The march came two weeks after violent protests forced the cancellation of an event that was to feature an Israeli speaker and was organized by Jewish students. The event — which had already been moved from another location because of safety concerns — was canceled, and the building evacuated by police, after protesters broke through doors and reportedly assaulted Jewish students. There was no way to ensure safety, university administrators explained, “given the size of the crowd and the threat of violence.”

At the time that I read accounts of the violence at Berkeley, I was also reading two legal complaints about antisemitism on elite college campuses, one filed against Harvard and the other against the Massachusetts Institute of Technology. Both complaints make for horrifying reading, detailing a cascading series of antisemitic incidents, including acts of violence and physical intimidation. The moral and legal injury is compounded by blatant double standards on the part of the universities. As the complaint filed against Harvard states, “Harvard permits students and faculty to advocate, without consequence, the murder of Jews and the destruction of Israel, the only Jewish country in the world. Meanwhile, Harvard requires students to take a training class that warns that they will be disciplined if they engage in sizeism, fatphobia, racism, transphobia, or other disfavored behavior.”

I spent virtually my entire legal career defending free speech on campus, including the free speech of Muslim students and staff members. I’ve also walked through metal detectors at a tense and volatile Columbia University to defend the academic freedom of Jewish students challenging antisemitic statements made by university professors. And during those decades of litigation and my subsequent years in journalism, I have never seen such comprehensive abuse directed against a vulnerable campus minority group as I’ve seen directed at Jewish students and faculty since Hamas’s terror attack on Oct. 7.

Obviously antisemitism isn’t the only hatred afoot in America. Since Oct. 7, there have also been horrifying incidents of anti-Muslim violence. Shortly after the Hamas attack on Israel, the chancellor of the state university system of Florida ordered the deactivation of chapters of Students for Justice in Palestine based on the absurd idea that its written materials provided “material support” for a designated terrorist entity in violation of federal law. (The order has not been enforced.) But what’s happening to Jewish students and faculty at several elite campuses is so comprehensive and all-consuming that it can only be described as systemic antisemitism.

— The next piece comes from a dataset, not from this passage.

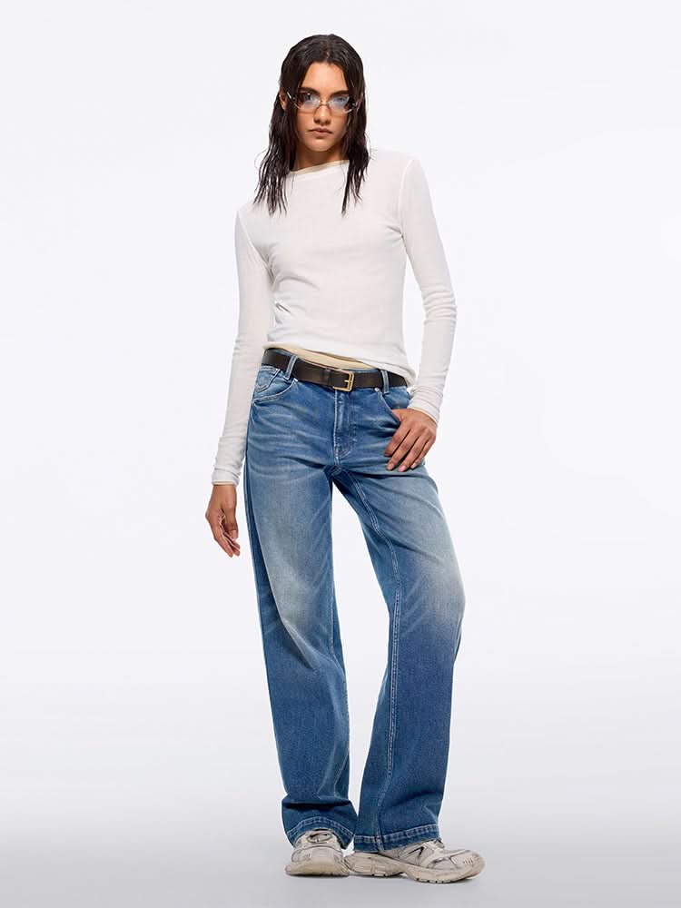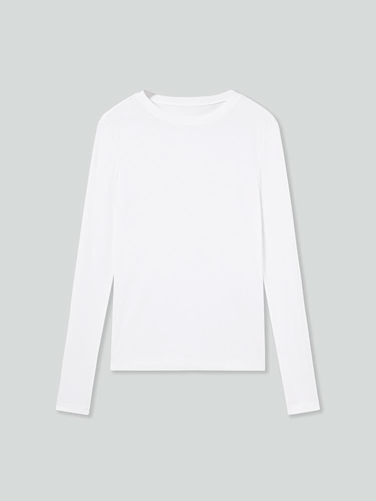 Crafted from high-quality combed cotton, the yarn fibers are naturally fluffy, providing a refreshing feel without sticking to the skin. The fabric features clean, straight lines and a firm yet comfortable touch, ensuring the garment maintains its shape without sagging. The simple round neck design allows for easy styling, accentuating the shoulder and neck lines for a casual yet refined look. A contrasting jacquard label at the back adds a fashionable touch, breaking the monotony of the solid color scheme. The slim-fit silhouette flatters the figure with a soft drape, offering both comfort and style.

Which brings me to the complaints against M.I.T. and Harvard. One should always use caution when evaluating such documents. They represent the allegations of one side. There are times when litigation ultimately proves the accuracy of a complaint’s claims and times when the allegations fall apart under scrutiny. (There are also times when the case grows stronger as the plaintiffs obtain discovery, read internal communications and depose witnesses under oath.) The complaints against M.I.T. and Harvard, however, don’t simply ask us to trust them. Time and again they provide screenshots, quotes from emails and photographs that offer visual evidence of their claims.